In the years 2000-2010, community tension became a new element in violence, with emergency departments and maternity wards the most affected. There has been an increase in violence observed in certain obstetrics gynecology departments in the Paris region and several large cities. According to Le Monde, "fundamentalist husbands refuse to allow their wives to be examined, treated or delivered by a man. They vigorously demand it, even if it means endangering their wives and physically attacking the practitioner on duty".

In September 2013, after several serious incidents, the management of the Marseille Hospitals (Assistance publique - Hôpitaux de Marseille, AP-HM) was forced to take a series of "measures to guarantee staff safety".

== Hospital reforms ==

=== 1991 hospital reform ===
This law, prepared over a period of three years and championed by ministers Claude Évin and Bruno Durieux, strengthened hospital planning, making the health map dependent on a regional health organization plan (Schéma Régional d'Organisation Sanitaire, SROS), re-evaluated every five years. Establishments are required to produce projects.

=== 2003 hospital reform ===
Since January 1, 2003, the Hospital Plan 2007 has rapidly introduced a number of far-reaching changes to the way public hospitals operate:

- The creation of "hospital activity clusters".
- The introduction of a new budgetary system: the statement of projected income and expenditure (EPRD). Under the previous system, the execution of one year's budget was assessed the following year, allowing hospitals to exceed their allocated budget. By estimating and sanctioning any risk of overspending at an early stage, the EPRD makes financial logic prevail in hospital management. Henceforth, it is no longer their activity that determines the resources (and therefore expenditure) they need, but rather the revenue available to them, which determines their expenditure, their investments, and therefore their activity.
- The implementation of a new financing method: activity-based pricing or T2A. Until 2004, around three-quarters of the budget of public hospitals consisted of a lump-sum grant allocated by the Ministry of Health, irrespective of the volume, nature, and evolution of their activity. Under T2A (tarification à l'activité), hospitals are now financed on the basis of their actual activity. For each procedure, each practice, and each type of care, there is a corresponding tariff: public funding of hospitals now depends on the number of procedures performed and the tariffs charged for them. Tarification à l'activité (T2A) is a reform whose objectives were to put an end to the current financing of hospitals. Whatever their activity, evolution, dynamism or inertia, the overall allocation to hospitals tended to remain unchanged.
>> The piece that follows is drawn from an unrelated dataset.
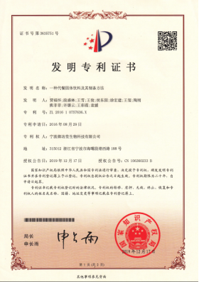 國(guó)家發(fā)明專利證書-肽素乳固體飲料及其制備方法
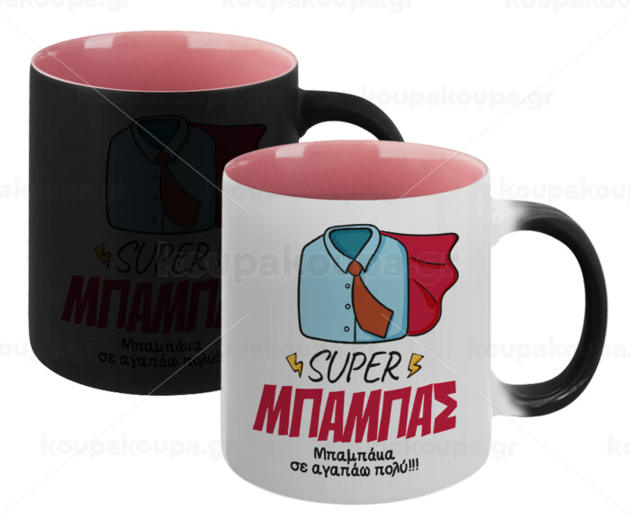 SUPER ΜΠΑΜΠΑΣ, Κούπα Μαγική εσωτερικό ΡΟΖ, κεραμική 330ml που αλλάζει χρώμα με το ζεστό ρόφημα

These major reforms have had a profound effect on the activity and internal organization of public hospitals. Their exceptional nature stems from the concomitance and brevity of their implementation period.

== Rankings ==
The magazines Le Point and Le Nouvel Observateur publish an annual honor roll of the best hospitals in France.

== Controversies ==
On November 5, 2008, the presidents of the medical advisory committees (commission médicale d’établissement, CCM) of the hospitals of the Greater Paris University Hospitals (Assistance publique - Hôpitaux de Paris, AP-HP) sent an open letter entitled Sauver l'hôpital public (Save the public hospital) to the French Minister of Health. In it, they denounced "budget cuts with no clearly identified medical or public health objectives" and "very short-term savings at any price", deeming that "quality" and "access to care for all" would "suffer" as a result of these spending cuts.

On July 7, 2021, the Notre hôpital c'est vous collective submitted a draft law on "universal access to a high-quality public hospital service" to the Constitutional Council in order to open a shared-initiative referendum on the text. This project, which aimed to achieve an increase in the number of beds and caregivers, was rejected on August 6.